You are viewing a plain text version of this content. The canonical link for it is here.

Posted to user@mahout.apache.org by Sean Owen <sr...@gmail.com> on 2011/11/18 14:24:29 UTC

lambda overfitting param and ParallelALSFactorizationJob -- suggested value?

Sebastian do you have any thoughts on the right starting value for lambda,
the overfitting param in your ALS-based implementation? Yes I'm looking at
the same Koren paper you had mentioned.

I don't have a good sense of whether the loss from that extra term is
supposed to be "much more important", "important as", or "much less
important" than that modified least-square loss function.
That is -- is it generally near 1, or not?

Sean

Re: lambda overfitting param and ParallelALSFactorizationJob -- suggested value?

Posted by Sebastian Schelter <ss...@apache.org>.

The right value for lambda depends on the data and the confidence
function and should be chosen via cross-validation.

Coincidentally, I'm currently watching lecture X (10) of
http://ml-class.org which exactly talks about ways to choose the
regularization parameter :)


--sebastian

On 18.11.2011 14:24, Sean Owen wrote:
> Sebastian do you have any thoughts on the right starting value for lambda,
> the overfitting param in your ALS-based implementation?
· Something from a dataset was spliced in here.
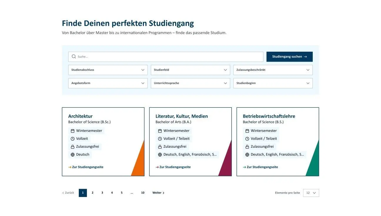 | Study Programs | Liste aller Studiengänge mit Filtermöglichkeit |
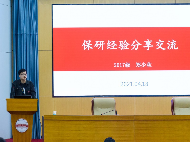 首先,汪祥、景康两位同学就考研择校、备考、心态调整和复试准备等方面进行了分享。郑少秋、冯毅两位同学详细介绍了推免的流程、材料填报、注意事项等内容,并分享了自己的夏令营申报经历,鼓励正在争取推免的同学积极参与夏令营,提高自己的竞争优势和综合素质能力。梁小平、周著伟两位同学获得了优质的就业岗位,他们主要就招聘信息收集筛选、求职途径、实习经历、简历制作和面试技巧等方面进行了分享,并鼓励同学们充分利用学校提供的就业资源和信息,树立正确的择业观,积极主动寻求适合自己的工作岗位。经验分享结束后,2018级同学们结合自身的情况踊跃发言、积极提问,2017级同学一一耐心解答,并给出合理的建议。

Yes I'm looking at
> the same Koren paper you had mentioned.
> 
> I don't have a good sense of whether the loss from that extra term is
> supposed to be "much more important", "important as", or "much less
> important" than that modified least-square loss function.
> That is -- is it generally near 1, or not?
> 
> Sean
>

Re: lambda overfitting param and ParallelALSFactorizationJob -- suggested value?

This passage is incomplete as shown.